Sawyer waited tables a lot. While a good portion of our class was at the beach, he often went missing because he was working. Even though he’d helped me in the meeting, I was a little surprised the dance was important enough to him personally that he would take the night off.

And, irrationally, I was jealous. As we stopped in the hall and waited for Will to swing open the door of the lunchroom, I asked Sawyer, “Who are you taking to homecoming?”

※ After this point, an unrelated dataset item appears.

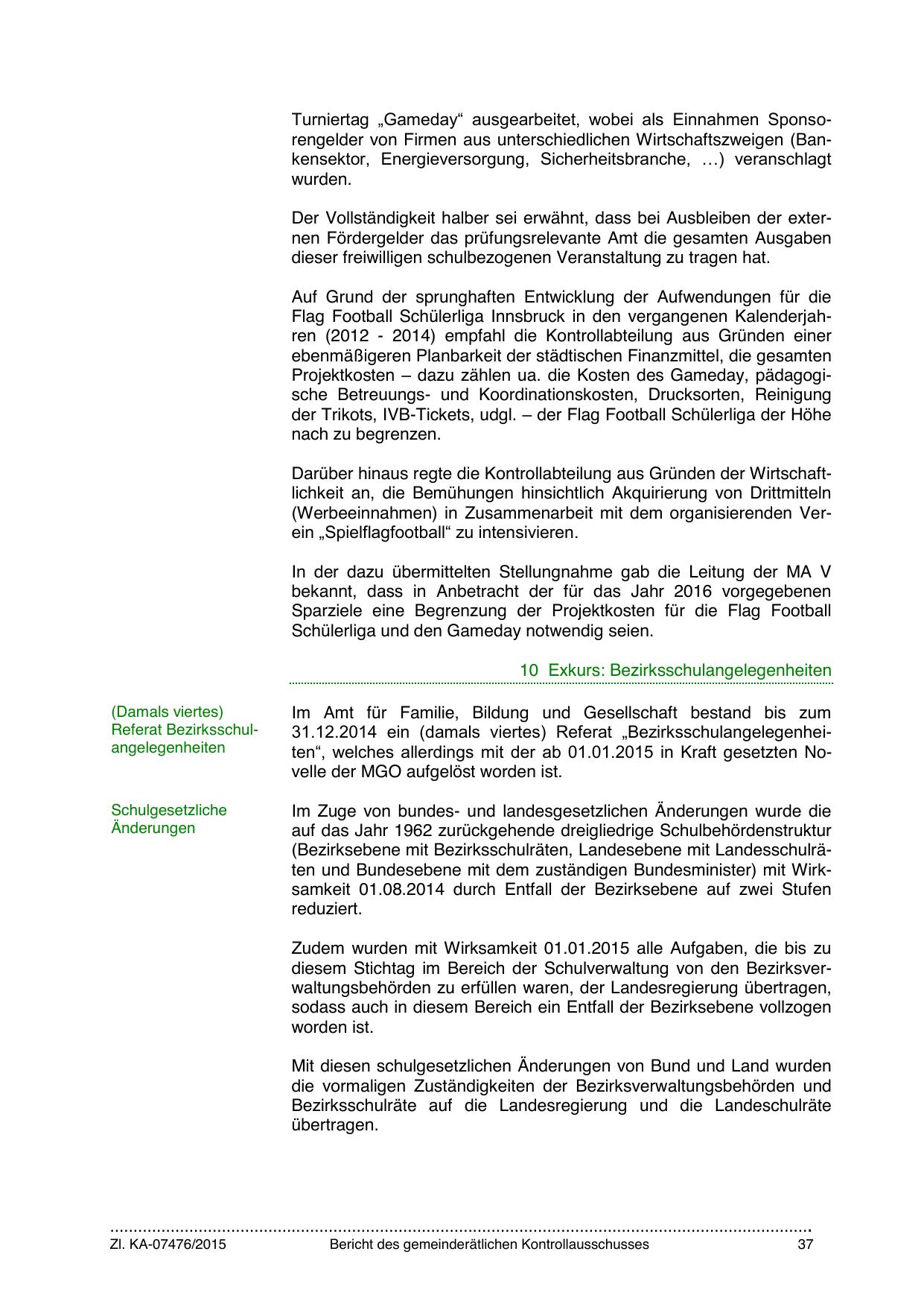 Flag Football Schülerliga Innsbruck in den vergangenen Kalenderjahren (2012 - 2014) empfahl die Kontrollabteilung aus Gründen einer
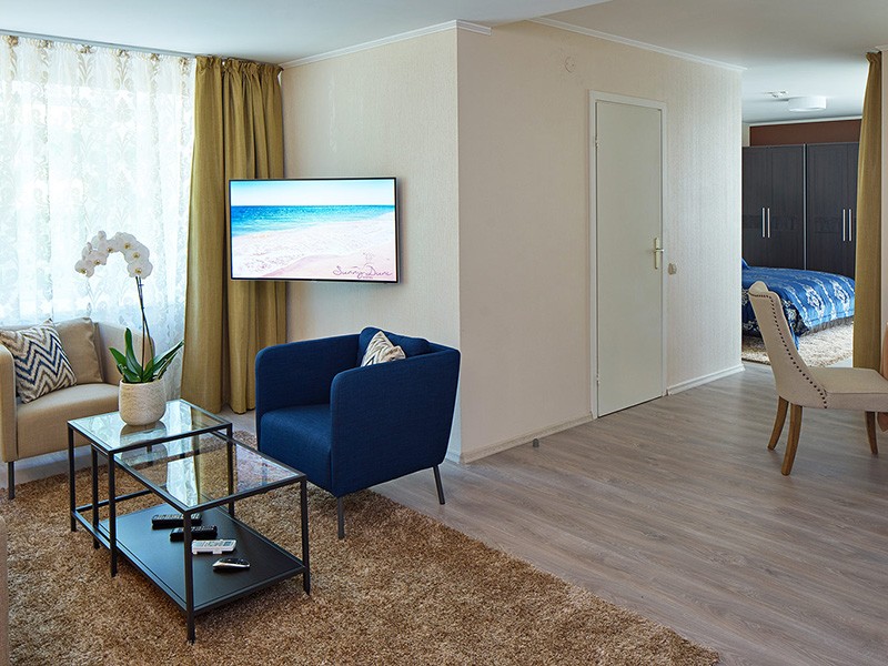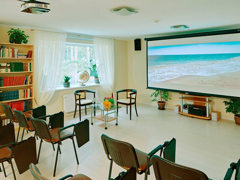Еще одним преимуществом отеля «Sunny Dune » является наличие многофункционального конференц-зала на 50 мест, рассчитанного как на проведение конференций, переговоров, семинаров, так и на организацию различных корпоративных мероприятий.

He gaped at me. “You!” he exclaimed, like this was the most obvious answer in the world and I had a lot of nerve to joke about it. He stomped into the lunchroom.

Will was left holding the door open for me and blinking at us. He didn’t understand the strange social customs of Florida.

“It would help if you could brainstorm over the weekend,” I told Will, pretending my episode with Sawyer hadn’t happened. “Ask around at lunch and on the band bus tonight. See if you can scare up ideas. Maybe we’ll think of something by the next meeting.”

“Sounds good,” he called after me as I headed across the lunchroom to the teacher section.

Aidan, Ms. Yates, and I had eaten at one end of a faculty table after the last council meeting, discussing projects like the dance. Possibly the one thing worse than spending lunch with Aidan while he was mad at me was spending lunch with Aidan and Ms. Yates, who, judging from the expression on her face, hadn’t liked how the meeting had gone down. But I was the vice president, so I straightened my shoulders and walked over.

They were deep in conversation. Trying not to interrupt them, I looped the strap of my book bag over the back of the chair beside Aidan. They both looked up anyway. I said, “Sorry. I didn’t know we were meeting, or I would have gotten here sooner. I’ll just grab a salad and be right with y—”

Ms. Yates interrupted me. “This is a private talk.”

“Oh” was all I could think of to say. My face tingled with embarrassment as I slipped my bag off the chair and beat a retreat across the lunchroom to the safety of Tia, Harper, and the rest of my friends. By the time I finally sat down with my salad, they were spitting out and shooting down ideas for where to have the dance—led by Will, who repeated how angry he was at Aidan for what he’d been doon in the meeting.